As January begins, so bookshops and app stores alike throw self-help books and productivity apps at you like they are going out of fashion. All promise instant results, and a swift route to a new effective, productive you – and a successful 2015. I won’t dwell too long on the many self-help books, which are largely a waste of time unless you believe in empty quotes and chakras. Oliver Burkeman is the man who can help you wade through, and pick out the nuggets – I heartily recommend his The Antidote and Help! (How to become slightly happier and get a bit more done), which are funny and insightful in equal measure.
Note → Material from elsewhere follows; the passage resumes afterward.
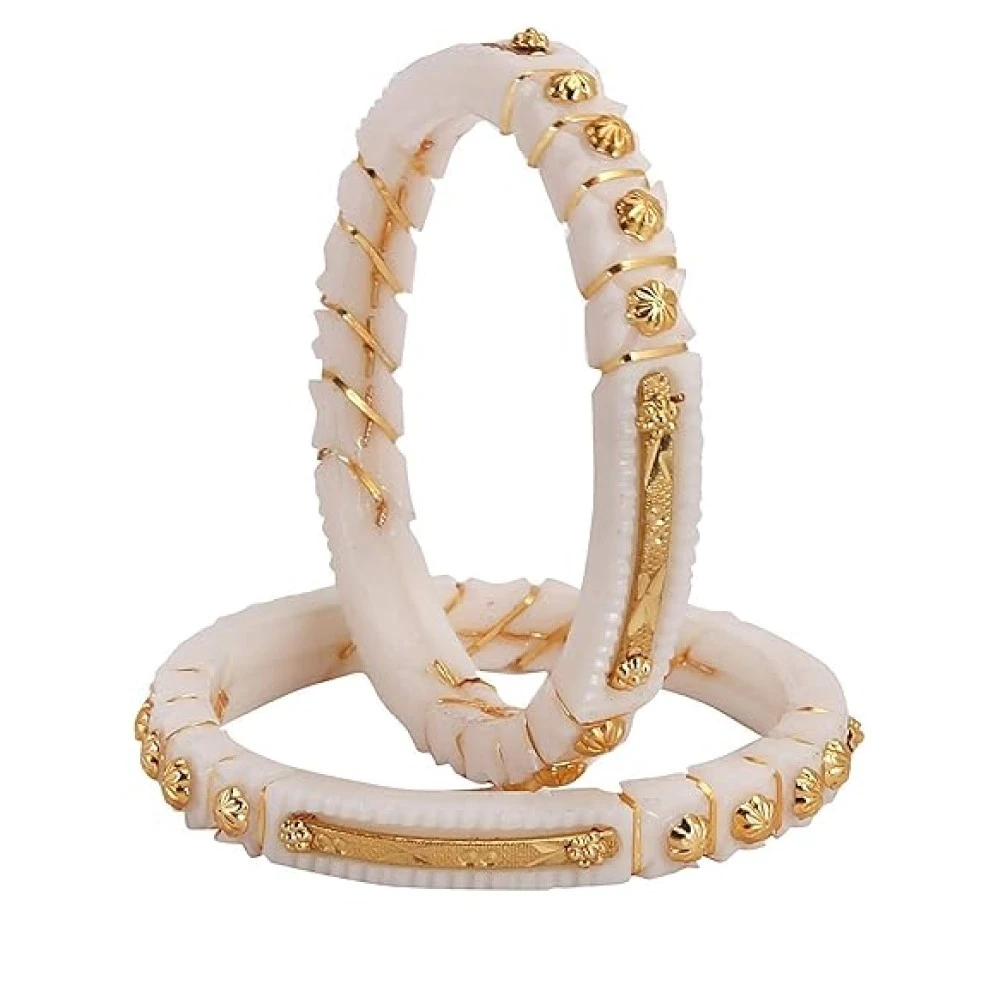 Each bangle in this set is meticulously gold plated to achieve a radiant and luxurious appearance, reminiscent of authentic gold jewelry. Whether you're attending a wedding, celebrating festivals, or participating in traditional ceremonies, these bangles are the perfect choice to complete your ensemble.

As for the apps, well there are enough to-do list apps now to confuse even the most technophile of lifehackers. I used Remember The Milk for to-do lists for a while, but found that it was too divorced from everything else (although this may be down to my own lack of investigation) and didn’t work with what else I used, so I dropped it. Then I became an Evernote devotee (app no. 1) – I can’t speak highly enough about Evernote: I genuinely wish I was on commission, because I recommend it to everyone, including my team. It’s just extremely intuitive, reliable and easy to use, as well as on phone, tablet, desktop and laptop. I’ve set up an IFTTT to send useful docs + links from twitter straight to Evernote when I use a particular hashtag too, so it becomes a searchable receptacle of reading.
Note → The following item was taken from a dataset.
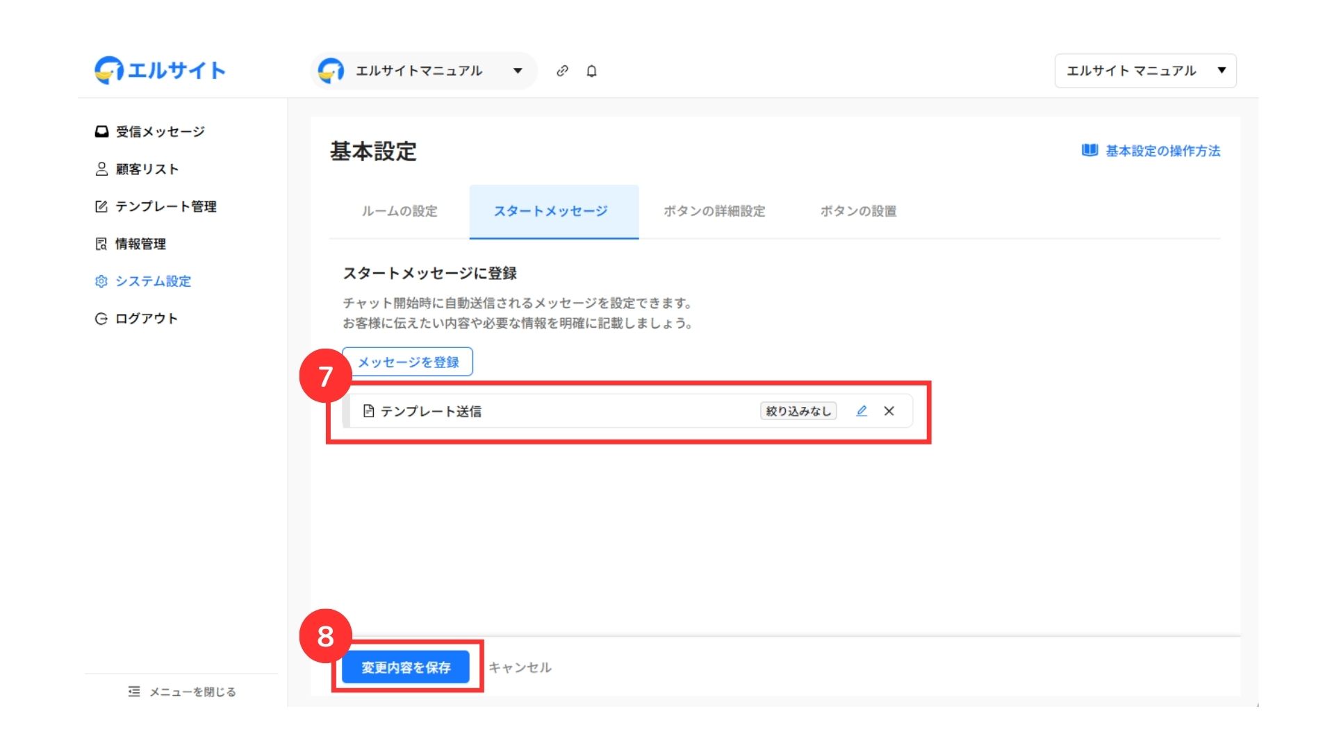 これで、スタートメッセージの設定は完了です。

So I no longer have a notebook for day-to-day use, but capture everything on Evernote – and this is starting to change how I work with the organisation’s systems. I have shared notebooks with other team members for particular areas of work, and am trialling syncing notes straight to Salesforce accounts. The latter, if it was a bit smoother, could be great – I could be meeting a social enterprise member, or a new business lead, and sync the notes straight to their Salesforce account, providing a trail of activity that doesn’t require me to log into the Salesforce platform and replicate what I’ve just done….
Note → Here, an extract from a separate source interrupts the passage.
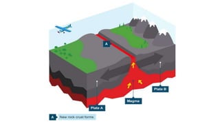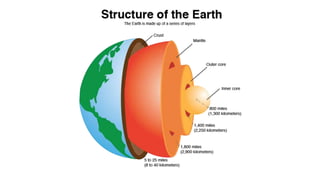 The document explains the structure of the Earth, which consists of four layers: the inner core, outer core, mantle, and crust. It describes how plate tectonics, driven by convection currents in the mantle, lead to the movement of tectonic plates and result in geological phenomena such as earthquakes and volcanoes, particularly at plate boundaries. The document also discusses the processes of constructive and destructive boundaries, leading to the formation of new crust, volcanic islands, and mountain ranges.
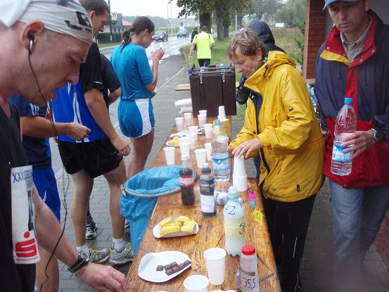 Bannemin Kilometer 35 / 13.38 Uhr Den vorletzten Verpflegungsstand erreichte ich gleichzeitig mit zwei Gruppen. Neun Stände gab es auf der Strecke. Und lecker. Wasser, Iso, Tee (teilweise auch warm), Saft, Obst, Schokolade, Traubenzucker. Die Coca-Cola war Selbstverpflegung und leider nicht für mich. |

There are decisions ahead, I think, about spreading this throughout the team and investing in the technology; we’ve already moved to cloud-based 365, and I can foresee more decentralisation / cloud-based sharing ahead. Already, I use Dropbox as much as I use the organisational shared drive (Dropbox is app number 2), and I can see the whole thing moving soon. I know there are other cloud-based server systems, but I haven’t found any that work as well as Dropbox for either group or individual work. Again – intuitive, reliable, easy to use and seamless on every device.
The 3rd app is a new one which is my Remember the Milk-replacement, the new to-do list app….and I’ve plumped for Wunderlist. Again, good syncing across platforms, simple interface, easy to upload tasks (by email or directly by app / desktop), easy to share lists, and easy to prioritise. Ultimately, I find I need a long list of to-dos (emptying the brain of everything I know needs doing), and a shorter list of prioritised to-dos (to keep focused on the important, not the urgent). Wunderlist makes this easy. But it also works with Evernote – to do lists haven’t really worked for me in Evernote (I tend to end up with actions at the end of different notes, and I can’t make Reminders work for me in a way that makes sense), but now I can just add a task box next to an action, tag the note with TaskClone (which syncs between the two apps via another IFTTT) and it appears in my Wunderlist to-do list.
The key for me is that apps like this work with the way I already work, so that it’s seamless and doesn’t involve inventing a whole new set of habits and behaviours. For me, that means across devices, integrating + syncing between them, but being relatively simple – notes, to-dos, access to files. And when I think back to writing notes in a book, drafting + re-drafting a to-do list (on paper, naturally) and saving files onto a USB for transport, I can almost feel the time being saved. My only area left now is email – I’ve resisted all the various email apps so far, although I’m looking hard at SaneBox…
Would love to hear which apps work for you. What have I missed? Do they pass the simple, seamless, sensible test? Do they genuinely free up time, rather than absorb it in ‘productivity procrastination’? For now, I’m sticking with Evernote, Dropbox and Wunderlist and (hopefully) going to have a productive year.